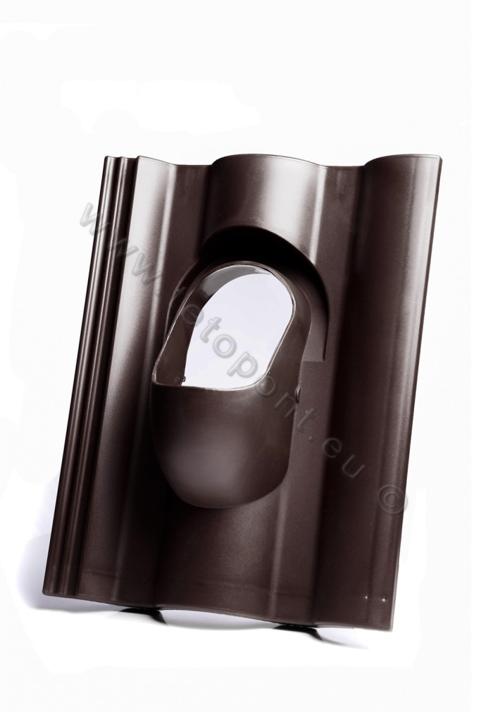 Átvezetőcserép nagy hullámos beton tetőcseréphez, különböző átvezetések megoldásához. 110 mm felépítmények építhetők rá.Barna RAL 8017 színben.
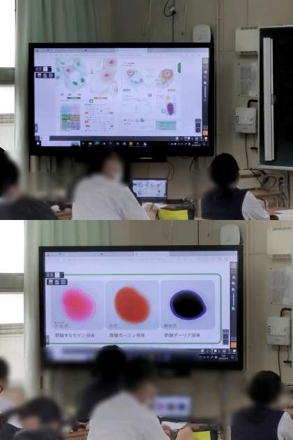 細胞の観察に使う3種類の「染色液」の名前が、ややこしいので生徒たちは、ため息をついていました。
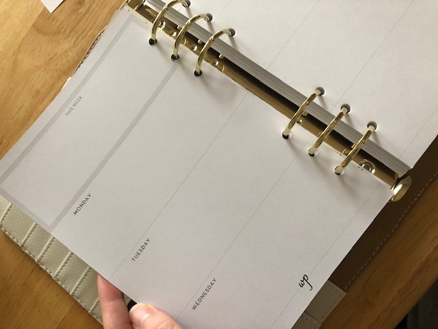 While I really like the gold accents and the transparent lettered page at the front, I found I wasn’t super in love with the colors in the rest of the insert. I wasn’t totally attached to them, fortunately, since I was planning to customize the planner anyway.
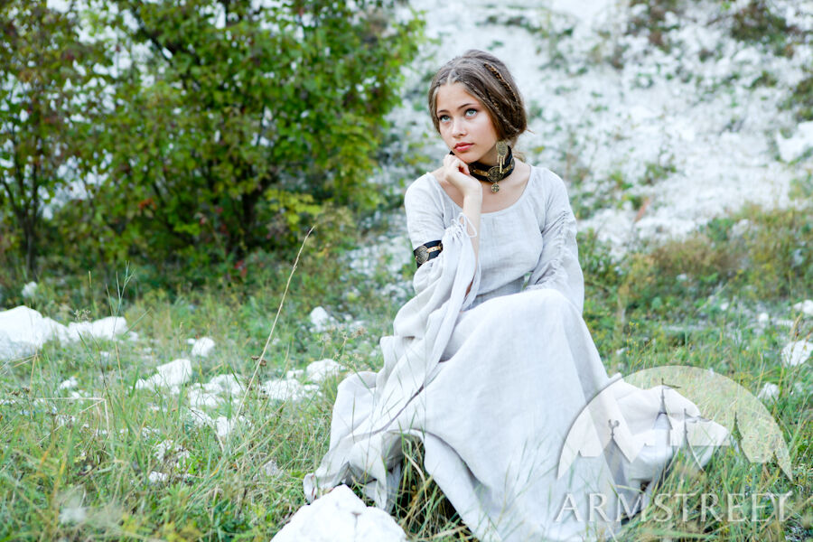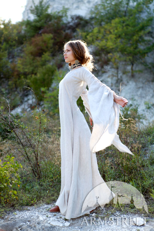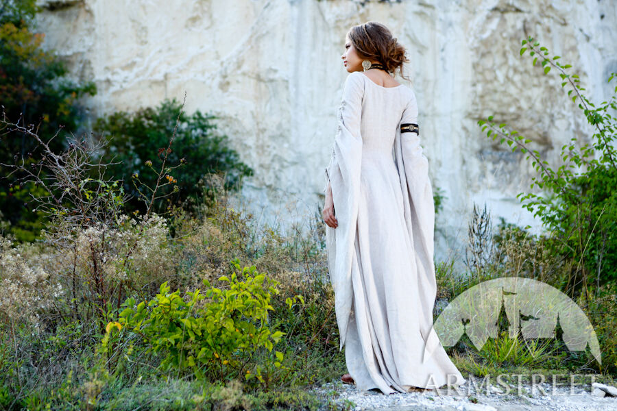 Diese Mittelalter Tunika hat einen klassischen gotischen Schnitt (Europäische Mode der XIII.-XIV. Jhdte). Taille und Brust werden betont, der Rock ist ziemlich breit. Lange breite Ärmel können auf jede beliebige Länge bis zum Bizeps mithilfe einer Schnur eingestellt werden.
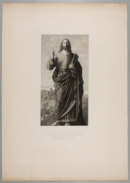 Auguste Thomas Marie Blanchard created this print of "Christus in een versierde lijst." This image reflects the 19th-century European interpretation of Jesus, a figure central to Christian identity and belief. Blanchard, as a printmaker, was part of a tradition that democratized images, making them accessible to a wider audience. The halo and the serene expression conform to established artistic representations of Jesus, which have often served to reinforce religious and cultural norms. Yet, within these conventions, the subtle details—the gentle eyes, the slightly melancholic expression—invite a more personal, emotional connection. Consider how this image might have resonated with viewers of the time, who were navigating their faith in a rapidly changing world. It is an invitation to reflect on the enduring power of images in shaping our understanding of identity, belief, and the stories we tell ourselves about who we are.
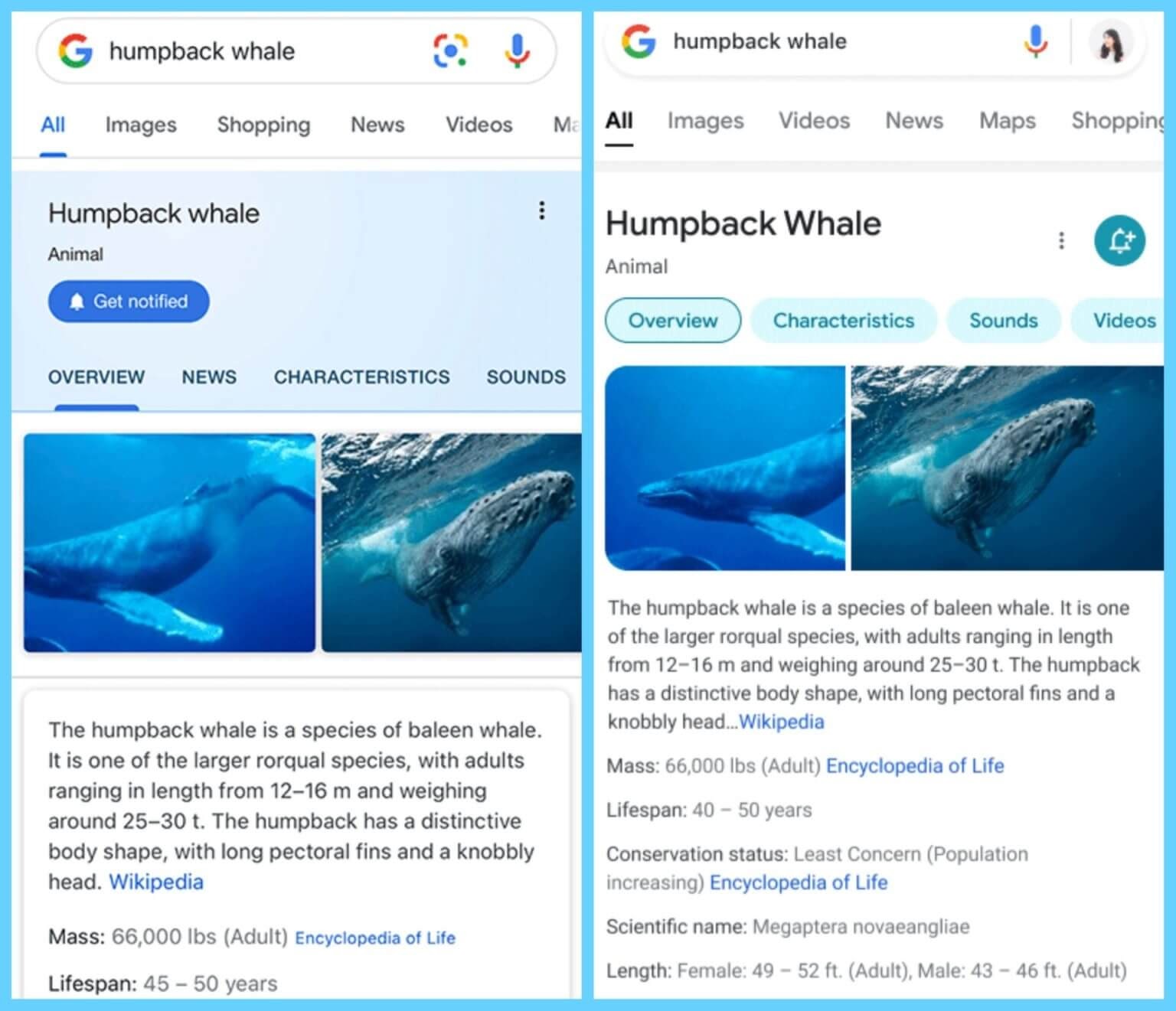 Het verschil tussen de oude en nieuwe fragmenten van mobiele zoekresultaten is subtiel. Hieronder zie je hoe ze eruit zien:
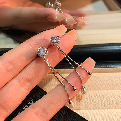 Original price USD$0.70 - Original price USD$0.70Original price USD$0.70USD$1.40USD$1.40 - USD$1.40Current price USD$1.40Wholesale Light luxury zircon tassel exquisite personalized pearl earrings
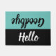 Um simples tapete de saudação e adeus, preto e branco. Quando os visitantes vierem, verão olá e, quando saírem, verão adeus.

--*--

Work item
Copy out the lines above from the line containing "While I really" through the line containing "Diese Mittelalter Tunika", exactly, and keep the pictures out.

Reply
 While I really like the gold accents and the transparent lettered page at the front, I found I wasn’t super in love with the colors in the rest of the insert. I wasn’t totally attached to them, fortunately, since I was planning to customize the planner anyway.
 Diese Mittelalter Tunika hat einen klassischen gotischen Schnitt (Europäische Mode der XIII.-XIV. Jhdte). Taille und Brust werden betont, der Rock ist ziemlich breit. Lange breite Ärmel können auf jede beliebige Länge bis zum Bizeps mithilfe einer Schnur eingestellt werden.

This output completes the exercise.